12. Вересаевский квазинаучный дискурс сопоставим с наукологическим дискурсом Шкловского и Эйхенбаума (в первую очередь — Шкловского) с его установкой на художественное (игровое) задание. Об этой установке как о конструктивном факторе научной прозы Шкловского и Эйхенбаума см.: Разумова 2004. Тезисное изложение этой статьи содержится в издании: Разумова 2005: 8—9. См. также замечание Ханзен-Лёве по поводу внесения Шкловским художественного момента в свои, как выразился исследователь, «псевдоисторические монографии» (Ханзен-Лёве 2001: 401), а также наблюдения М.Л. Гаспарова о художественном дискурсе в одной из таких монографий — «Краткой, но достоверной повести о дворянине Болотове» (1929) (Гаспаров 2006).
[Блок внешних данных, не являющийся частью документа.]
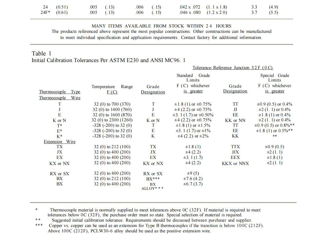 导体实心或绞合热电偶导线Astm e230&ANSI Mc96.1
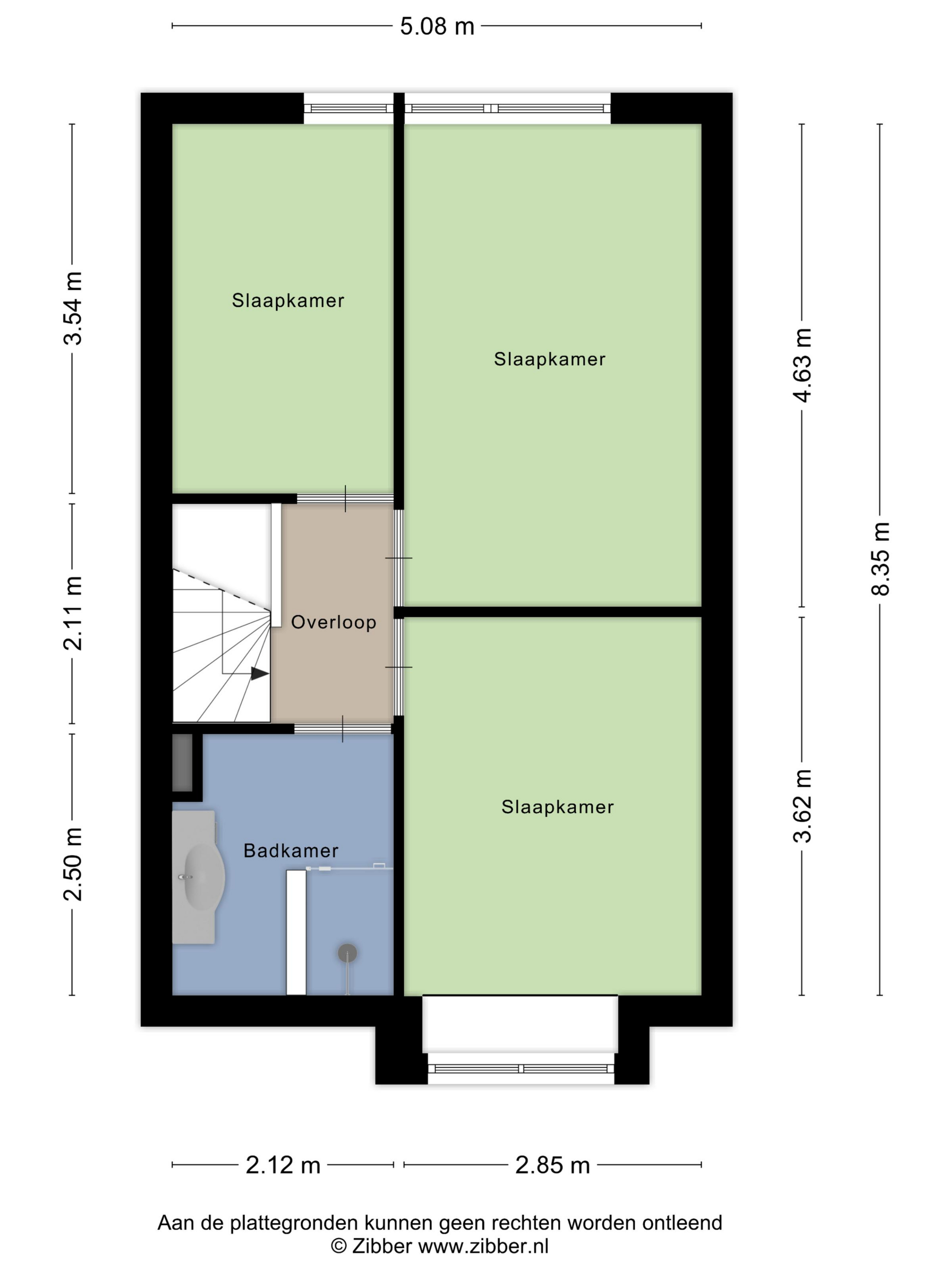 Slaapkamers 1 & 2 liggen aan de achterzijde en slaapkamer 3 grenst aan de voorzijde.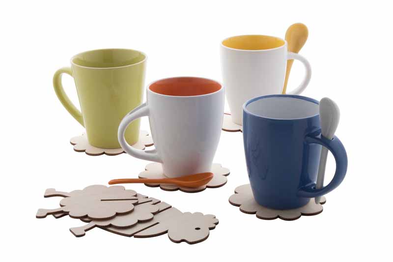 Set coastere personalizate, 4 bucati. Coasterele au diferite forme si sunt fixate pe un suport. In momentul asamblarii setului de coastere personalizate vei descoperi diverse figurine de animale: hipopotam, elefant sau oaie. Produsul este confectionat din placaj de mesteacan si se livreaza dezasamblat. Dimensiuni: 19.5 x 10 x 8 cm. Pretul afisat nu include costurile pentru personalizarea produsului. Aceste costuri se calculeaza la cerere in functie de detaliile de personalizare ale proiectului dvs. Pentru personalizare coaster va recomandam gravura sau serigrafia. Comanda minima: 50 buc. Pretul nu include TVA.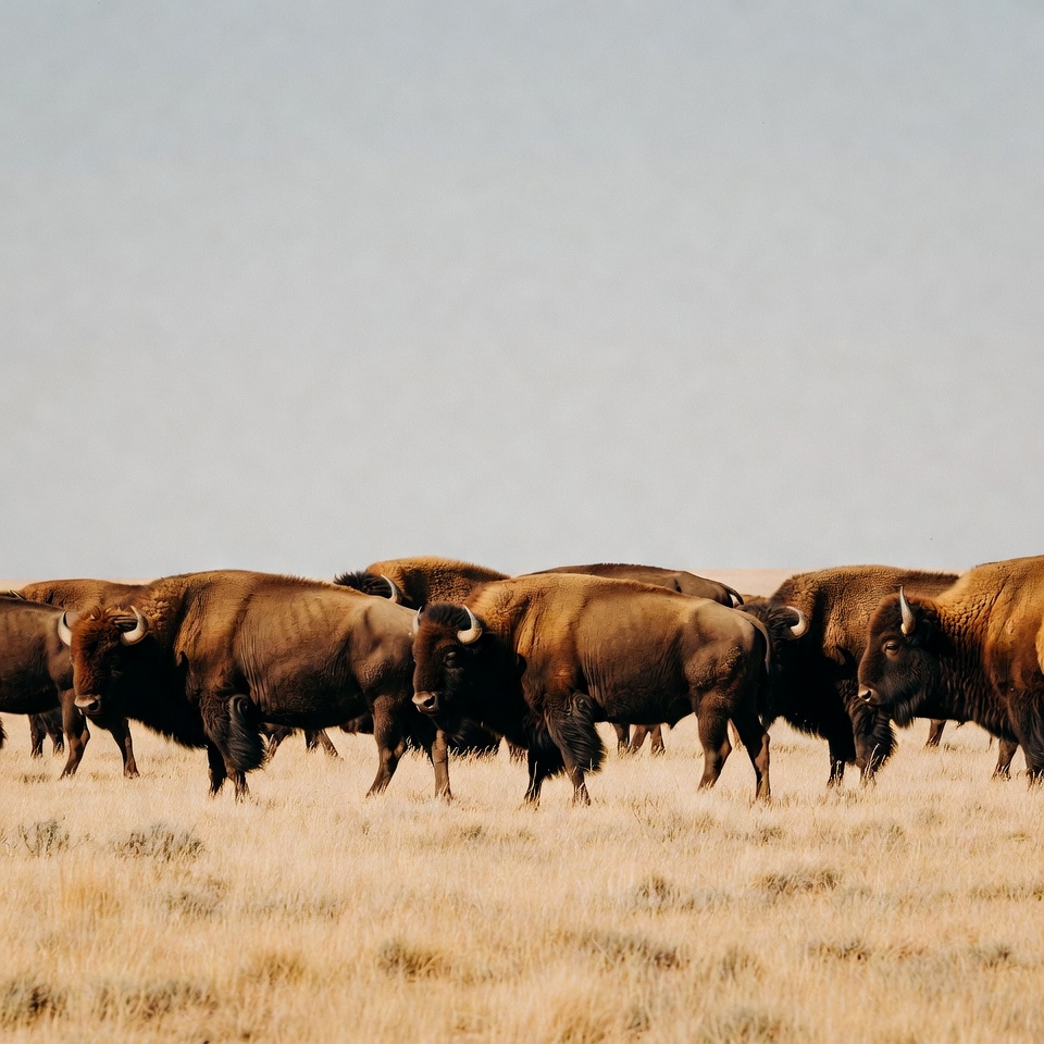 American bison, North American wildlife, animals, brown fur, buffalo, curved horns, dry grass, golden grass, grassland, grazing, group, herd, nature, open field, outdoors, pale sky, prairie, standing, walking, wild animals, wildlife, bison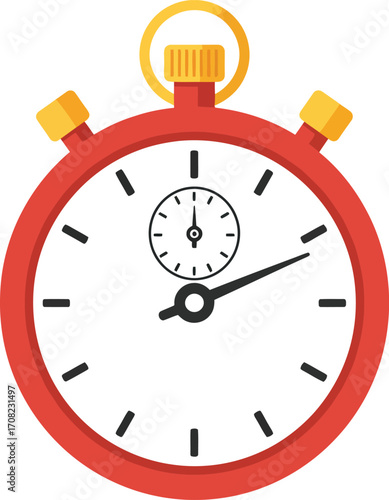 vector, illustration, scalable, icon, stopwatch, time, timing, sport, athletic, competition, race, timer, measurement, clock, watch, red, classic, retro, vintage, equipment, device, instrument, graphic, design, element, clip art, symbol, badge, signs, visual, aid, performance, record, buttons, dial, hand, second, minute, analog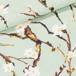 - Směsové plátno 603030 CHERRY BLUE, bílé třešňové květy na mentolové, š.140cm (látka v metráži)194 Kč

13. Показательна в этой связи полемика Вересаева с Щеголевым по поводу так называемого «крепостного романа» Пушкина. В очерке «Крепостная любовь Пушкина» (1928) Щеголев, ссылаясь на лирические признания поэта, интерпретировал эту связь с крестьянкой как истинную любовь. (См. текст очерка в издании: Щеголев 2006: 162—199). Вересаев в ответной статье «Крепостной роман Пушкина» опровергал их биографическую значимость. При этом он снизил образ поэта в соответствии с теорией «двух планов». (Эта статья вошла в книгу «В двух планах». См.: Вересаев 2000: 138—158). Суть расхождения антагонистов в оценке «крепостного романа» содержится в весьма эмоциональном и откровенном признании Щеголева о тяжелом чувстве, которое он пережил, знакомясь с полемической статьей Вересаева. «...меня поразили, — пишет исследователь, — особая предвзятость в оценке Пушкина, как особливого циника в любовном быту, и необычайно высокомерный подход к мужицкому роману Пушкина. Вересаеву противна попытка раздвинуть рамки сближения Пушкина и крестьянки за пределы физиологии; он стремится изобразить эту связь как половой налет барина на крепостную» (Щеголев 1928: 97—98).